Understanding these mechanics is crucial because exercising or being assigned can create stock positions with different capital and margin implications than the original options trade.
Risks, Disclosures, and Regulatory Documents
Options carry distinct risks compared with stock trading:
- Time decay: Options lose extrinsic value as expiration approaches; long option holders can lose the entire premium paid.
- Leverage and concentration: Options amplify exposure; small price moves in the underlying can cause large percentage changes in option value.
- Potential for unlimited loss: Certain uncovered (naked) strategies, particularly short calls, expose sellers to theoretically unlimited losses.
- Assignment risk: Short option sellers face the risk of assignment at any time for American-style options.
Regulatory disclosures to read before trading:
- Characteristics and Risks of Standardized Options (commonly called the “options disclosure document”): a mandated document that explains standardized options risks and mechanics.

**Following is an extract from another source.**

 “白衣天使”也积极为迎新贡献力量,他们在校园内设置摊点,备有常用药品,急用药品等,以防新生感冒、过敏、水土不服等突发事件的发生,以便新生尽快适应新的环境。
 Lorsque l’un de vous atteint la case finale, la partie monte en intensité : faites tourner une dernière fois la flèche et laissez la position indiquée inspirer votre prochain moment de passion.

- Robinhood’s options-specific disclosures and educational materials: these describe platform rules, approval levels, and margin requirements.

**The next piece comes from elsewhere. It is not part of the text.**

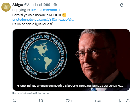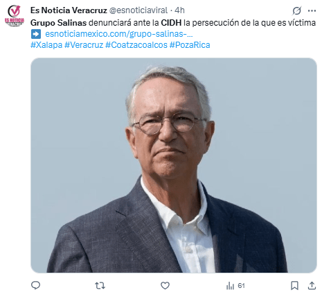 Regeneración, 28 de octubre 2025– Grupo Salinas anunció que acudirá a la Corte Interamericana de Derechos Humanos (CIDH), señalando una “sistemática persecución” en su contra por parte del gobierno federal.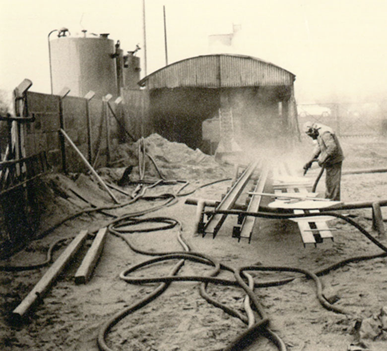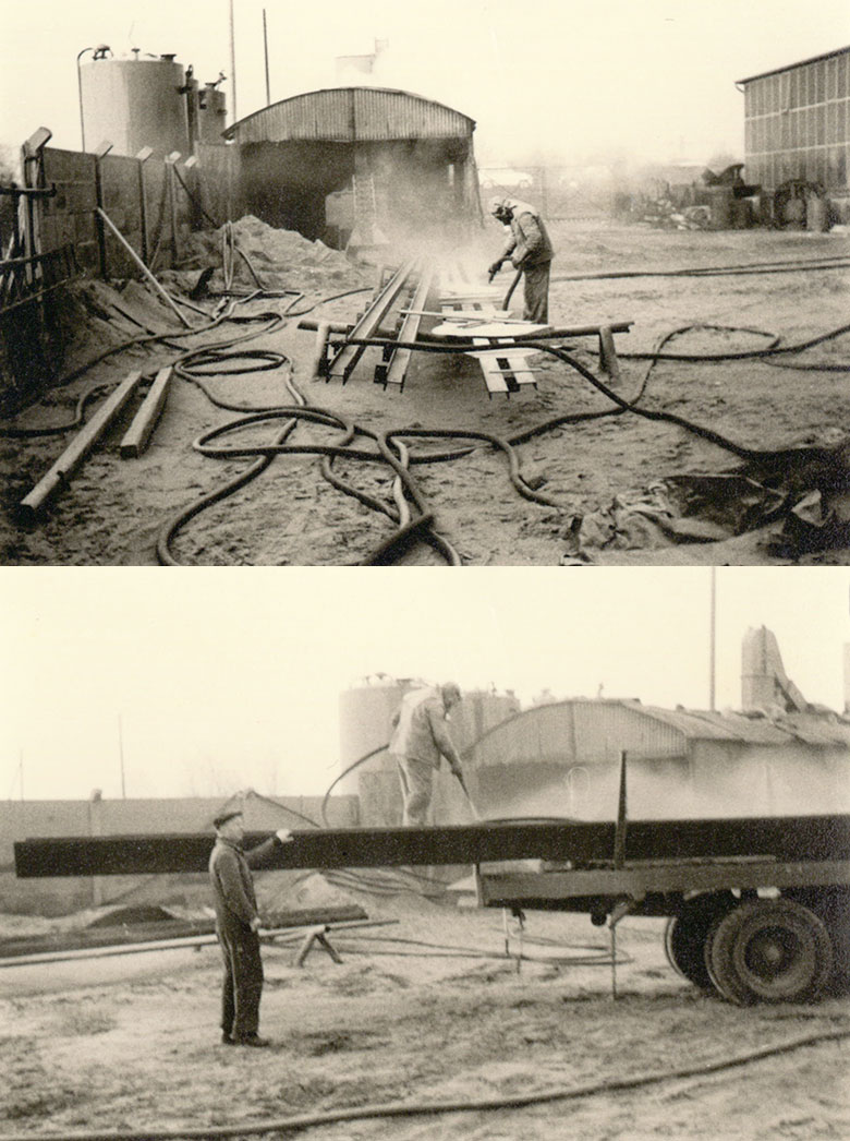 Sandstrahlarbeiten unter freiem Himmel!Im Vergleich arbeitet man heute umweltgerecht und unter strengsten Auflagen. Krebs ist als Vorzeigebetrieb für diese Arbeiten zertifiziert!

Robinhood must provide these documents and present warnings during the approval process. Traders should read and confirm understanding of these disclosures before transacting.
Tax Treatment and Recordkeeping
Tax implications of options trades can vary and depend on transactions and holding periods:
- Short-term vs. long-term: Gains on exercised or sold options may be treated as short-term capital gains if positions are held for one year or less; specific rules apply depending on whether trades result in stock positions.
- Exercise and sale: Exercising an option and immediately selling the underlying creates an ordinary short-term transaction for the combined cost basis; holding the underlying after exercise changes the cost basis and holding period.
- Assignment and corporate actions: Assignment or corporate actions (splits, mergers, dividends) affect basis and tax reporting.
Keep detailed trade records: trade confirmations, account statements, and exercise/assignment notices. Consult a qualified tax advisor for precise treatment and reporting. Robinhood provides tax documents and consolidated reports to help with filing.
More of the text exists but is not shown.